Age-related differences when walking downhill on different sloped terrains

- Older adults reduce speed and step length, and increase cadence when walking downhill.
- Age has no effect on acceleration attenuation from pelvis to head and RMS profiles.
- As slope increases, a shift from anteroposterior to mediolateral attenuation occurs.
- Mediolateral attenuation is the main focus of postural control when walking downhill.
- Increased forward momentum when walking downhill impairs AP and ML smoothness.

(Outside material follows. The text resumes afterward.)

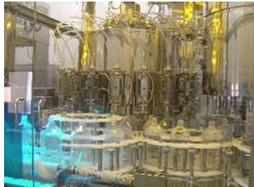
「自社成型ボトルの使用」と「非加熱無菌充填」によりおいしい水を製造

Despite the common situation of walking on different sloped terrains, previous work on gait has focused on level terrain. This study aims to assess whether any age-related differences exist in spatiotemporal and stability parameters when walking downhill on three different sloped walkways. Two tri-axial accelerometers were used at the levels of head and pelvis to investigate spatiotemporal parameters, magnitude (root mean square, RMS), harmonic content of accelerations (harmonic ratios, HR) and attenuation between body levels (ATT) in 35 older adults (OA, 69 ± 4.5 y.o.) and 22 young adults (YA, 22.1 ± 1.9 y.o.). Older adults walked at the same speed and cadence as young adults in flat terrain (FL, 0%) and moderate hill (MH, 8%). In the highest slope (PH, 20%), older adults reduced speed and step length and both groups increased cadence. Age had no effect on attenuation and RMS profiles. RMS increased with slope in all directions at both head and pelvis, except, for medio-lateral direction (ML), with similar head RMS in all slopes. There is an important shift in ATT from anteroposterior direction (AP) to ML at the highest slope, resulting in smaller antero-posterior attenuation and greater medio-lateral attenuation. Age differences appeared in the smoothness (HR) at the flat terrain, with increased vertical and antero-posterior values for young adults. As slope increased, group differences disappeared and HR decreased for all directions of motion. In general, spatiotemporal adaptations to increased slope seem to be part of a mechanism to improve ML attenuation, in both young and old adults.